Yes, it would, actually, Jami. My pendulum is very powerful, but because I've inclined its power axis, it has a relatively small arc of movement compared with a horizontal power axis. That doesn't matter, because you operate it in a similar manner to the aux rudder/fixed main rudder. You shorten in on the line that's pulling the main rudder's tiller to weather, so that the pendulum is staying within its central arc of movement but the main rudder is at an angle of weather helm. This is similar to setting to fixing the main rudder at an angle of weather helm so that the smaller aux rudder is able to stay within a small angle of incidence and not stall out. That's the story upwind.
Downwind, it's a different story. A fixed main rudder is giving you passive resistance to yawing, like a skeg, as the aux rudder is making course corrections as the swells roll underneath. Whereas a pendulum is actively sensing the yawing, and making the main rudder actively fight against a yaw. In both cases, though, there is no biassing applied on the main rudder or the steering lines - they are both centralised.
Note how the Hydrovane has a knob for adjusting the ratio of vane angle/rudder angle movement.
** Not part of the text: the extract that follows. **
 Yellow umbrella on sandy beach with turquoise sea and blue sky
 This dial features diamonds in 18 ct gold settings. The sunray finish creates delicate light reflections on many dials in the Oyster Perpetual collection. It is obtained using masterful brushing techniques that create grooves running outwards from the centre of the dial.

This will be for tuning the performance for different conditions, and is probably the reason why the Hydrovane is liked and preferred to the pendulum gears by some sailors, but it would be difficult to steal that idea and apply it to a home made gear. The Hydrovane scores most highly over the pendulums with wheel steering, which cripples a pendulum's performance, whereas an aux rudder is unaffected. With tiller steering, I reckon the pendulums to have the edge.
All in all, my money's on a pendulum like mine as the best bet for your particular configuration of stern and rudder, but I have had (in the dim and distant past, so I don't remember it well) "good enough" performance from an aux rudder and inclined axis vane.
Note what I've described here about a peculiar effect that I found with insufficient inclination of the vane axis, or none - if the boat rolls to windward, the vane axis can actually go negative, and then the vane can go unstable and throw from full angle one way to full angle the other way, with chaotic results. Stick with an inclined angle vane axis, not a Belcher-style horizontal axis.